"Lord bless us!" cried the convicts, "the man has the strength of Samson."

And at that moment one of the warders came hurrying up to the place.

"What's this?" said the warder, looking at the carrier on the ground, who was groaning in some little blood that was flowing from the back of his head.

At that question the carrier only moaned the louder, thinking to excite the more commiseration, and Jason said not a word. But the prisoners on the hillside very eagerly shouted an explanation; whereupon the carrier, a prisoner who had been indulged, straightway lost his privileges as punishment for his ill use of the property of the Government; and Jason, as a man whose great muscles were thrown away on the paltry work of prison-cleaning, was set to delving sulphur on the banks of the hot springs.

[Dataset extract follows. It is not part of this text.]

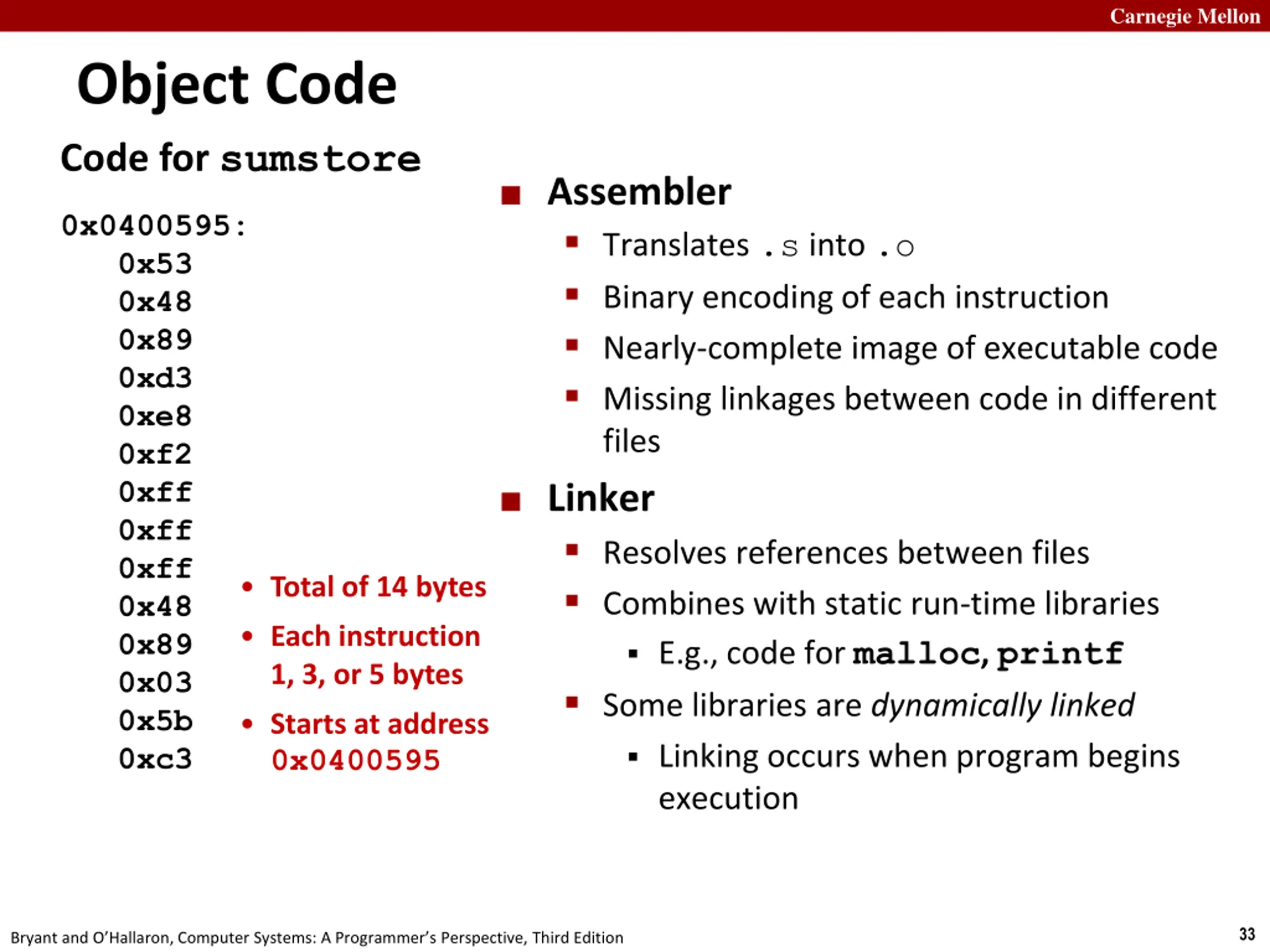 Carnegie Mellon Object Code Code for sumstore Assembler Translates .s into .o Binary encoding of each instruction Nearly-complete image of executable code Missing linkages between code in different files 0x0400595: 0x53 0x48 0x89 0xd3 0xe8 0xf2 0xff 0xff 0xff 0x48 0x89 0x03 0x5b 0xc3 Linker Resolves references between files Combines with static run-time libraries E.g., code for malloc, printf Some libraries are dynamically linked Total of 14 bytes Each instruction 1, 3, or 5 bytes Starts at address 0x0400595 Linking occurs when program begins execution 33 Bryant and O Hallaron, Computer Systems: A Programmer s Perspective, Third Edition

Now this change for the better in the condition of Red Jason led to a change for the worse in that of Michael Sunlocks, for when Jason was relieved of his housekeeping and of the iron collar and bell that had been the badge of it, Sunlocks, as a malcontent, was ordered to clean Jason's house as well as his own. But so bad a change led to the great event in the lives of both, the meeting of these men face to face, and the way of it was this:

One day, the winter being then fully come, the mornings dark, and some new fallen snow lying deep over the warm ground of the stockade, Michael Sunlocks had been set to clearing away from the front of the log house on the south before Jason and his housemates had come out of it. His bodily strength had failed him greatly by this time, his face was pale, his large eyes were swollen and bloodshot, and under the heavy labor of that day his tall, slight figure stooped. But a warder stood over him leaning on a musket and urging him on with words that were harder to him than his hard work. His bell rang as he stooped, and rang again as he rose, and at every thrust of the spade it rang, so that when Jason and his gang came out of the sickening house, he heard it. And hearing the bell, he remembered that he himself had worn it, and, wondering who had succeeded him in the vile office whereof he had been relieved, he turned to look upon the man who was clearing the snow.

There are moments when the sense of our destiny is strong upon us, and this was such a moment to Red Jason. He saw Michael Sunlocks for the first time, but without knowing him, and yet at that sight every pulse beat and every nerve quivered. A great sorrow and a great pity took hold of him. The face he looked upon moved him, the voice he heard thrilled him, and by an impulse that he could not resist he stopped and turned to the warder leaning on the musket and said:

"Let me do this man's work. It would be nothing to me. He is ill. Send him up to the hospital."

"March!" shouted his own warders, and they hustled him along, and at the next minute he was gone. Then the bell stopped for an instant, for Michael Sunlocks had raised his head to look upon the man who had spoken. He did not see Jason's face, but his own face softened at the words he had heard and his bloodshot eyes grew dim.

"Go on!" cried the warder with the musket, and the bell began again.